Между тем: война не только наш отец, но также и наш сын. Мы породили ее, а она нас. Мы – выкованные и вычеканенные, но мы также и те, кто поднимает молот, ведет резец, кузнецы и брызжущая сталь одновременно, мученики своих поступков, ведомые своими инстинктами.

В лоне помешавшейся культуры мы жили вместе, теснее, чем люди раньше, раздробленные по нашим делам и желаниям, мчащиеся по сверкающим площадям и подземным шахтам, окруженные блеском зеркал в кафе, улицами, полосами цветного света, барами, полными ярких ликеров, столами для заседаний и последний крик, каждый час – новая новость, каждый день – решенная проблема, каждую неделю – сенсация, с огромным, перекрывающим все своим грохотом неудовлетворением в основе. Технически еще продуктивные, мы с улыбкой бен-Акибы стояли в конце искусства, раскрыли загадки мира, или полагали, что скоро сможем их раскрыть. Пункт кристаллизации казался достигнутым, до сверхчеловека было рукой подать.

Так мы жили беспечно и гордились этим. Как сыновья опьяненного материей времени прогресс представлялся нам совершенством, машина – ключом богоподобия, телескоп и микроскоп – органами познания. Все же, под всегда блестящей и отполированной кожурой, под всеми покровами, которые висели на нас, как на фокусниках, мы оставались голыми и грубыми как люди леса и степи.

Это стало видно, когда война разорвала общность Европы, когда мы за знаменами и символами, над которыми некоторые из нас давно недоверчиво посмеивались, встали друг против друга для древнего решения. Там в опьяняющей оргии подлинный человек возместил себе все упущенное. Там его инстинкты, слишком долго уже сдерживавшиеся обществом и его законами, снова стали единственным и святым и последним разумом. И все, чему мозг в течение веков придавал все более острые формы, послужило только для того, чтобы увеличить силу кулака до безграничного.

Теперь все это лежит у нас за спиной, черное и зловещее, как лес, пройденный в ночи. Кто не мог бы понять, что дыхание там становится чаще? Мы бросились в этот опыт как ныряльщики и вернулись из него, изменившись.

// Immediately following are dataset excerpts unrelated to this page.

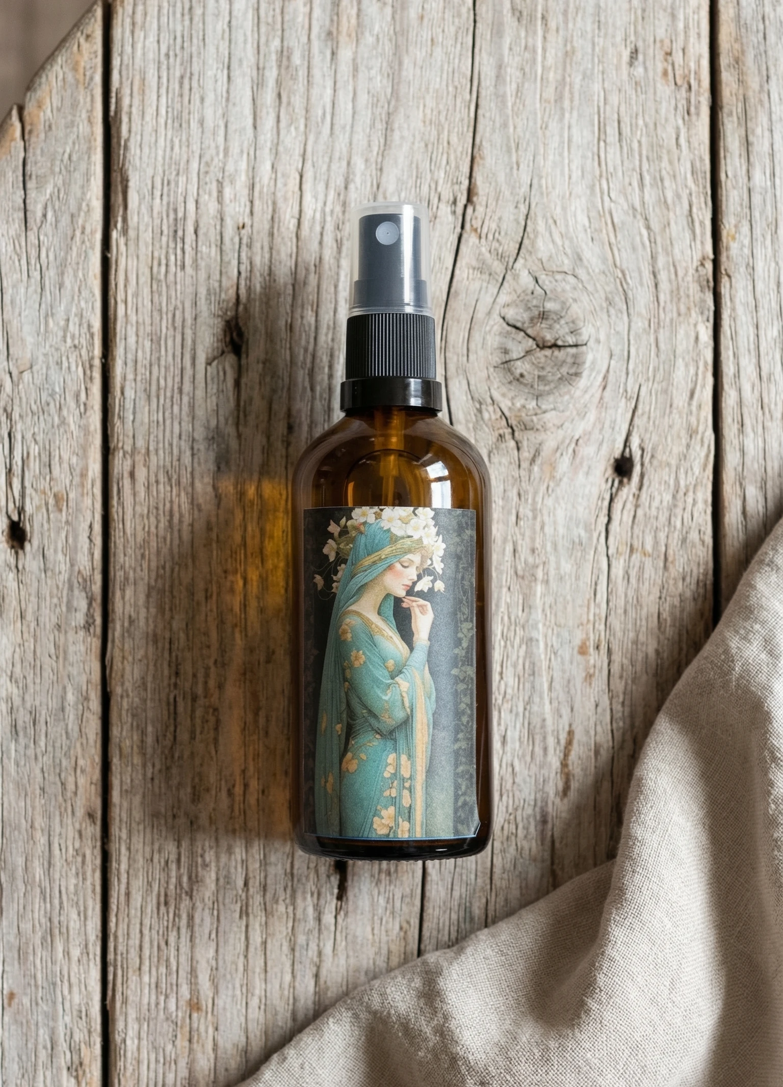 Bruma de almohada artesanal con aroma natural a flor de naranjo, ideal para perfumar el hogar y crear una atmósfera de calma, frescura y bienestar.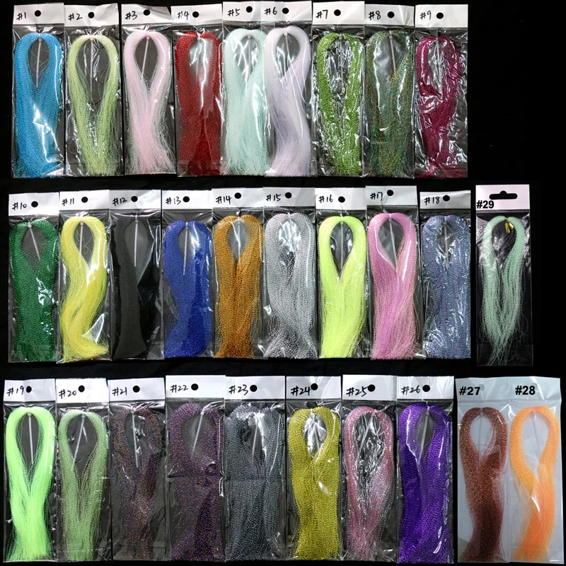 Витой flashabou пряди упакованы в мешок Размер около 28 см ~ 30 см длина (складывается в мешок) Цвет: до 29 цветов на выбор 4 упак./лот Применение: для завязывания мушек, помощи в завязывании крючков, приманки, джига, украшения крючков, завязывания мушек sabiki и т. д. Примечание: пожалуйста, поймите, что некоторые цвета очень похожи друг на друга, и на дисплее есть изменение цвета. Таким образом, цвет может немного отличаться, как вы видите на экране и в реальности.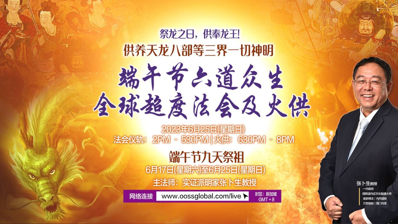 今年的端午节,我们利用特殊的时空,在初五共同奉神。在这龙升日的时空场,我们举办超度大法会及祭祖,饮水思源,缅怀祖德,并祈愿法界安宁,世界和平,人类和平共处,世界各国,风调雨顺,国泰民安,止息瘟疫和一切刀兵,消除一切灾难!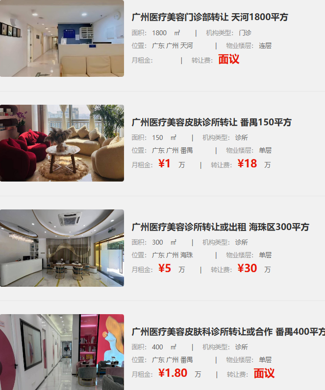 廣州美容門診轉(zhuǎn)讓 有麻醉資質(zhì) 海珠1700平方

Что происходило там на дне? Носители войны и ее творения, люди, жизнь которых должна была привести к войне, и которая, благодаря войне, была закинута на новые пути, к новым целям – чем были мы для нее, и чем была она для нас? Вот вопрос, ответ на который сегодня кое-кто стремится найти. Эти страницы тоже посвящены этому.

2. Кровь

Человеческий род – это таинственный, всепоглощающий девственный лес, кроны которого, овеянные дымкой свободных морей, все сильнее тянутся из пара, зноя и тупости к ясному солнцу. Если вершины леса укутаны ароматом, красками и цветами, то хаос странных растений разрастается в его глубинах. Когда солнце догорает, в бокалы упругих пальм падает цепь красных попугаев подобно эскадре королевских снов, так из уже погрузившейся в ночь низменности проникает гадкий хаос прокрадывающихся, ползучих животных, визгливый крик жертв, которым из сна, пещеры, теплого гнезда приносит смерть коварное нападение жадных, привычных к убийству зубов и когтей.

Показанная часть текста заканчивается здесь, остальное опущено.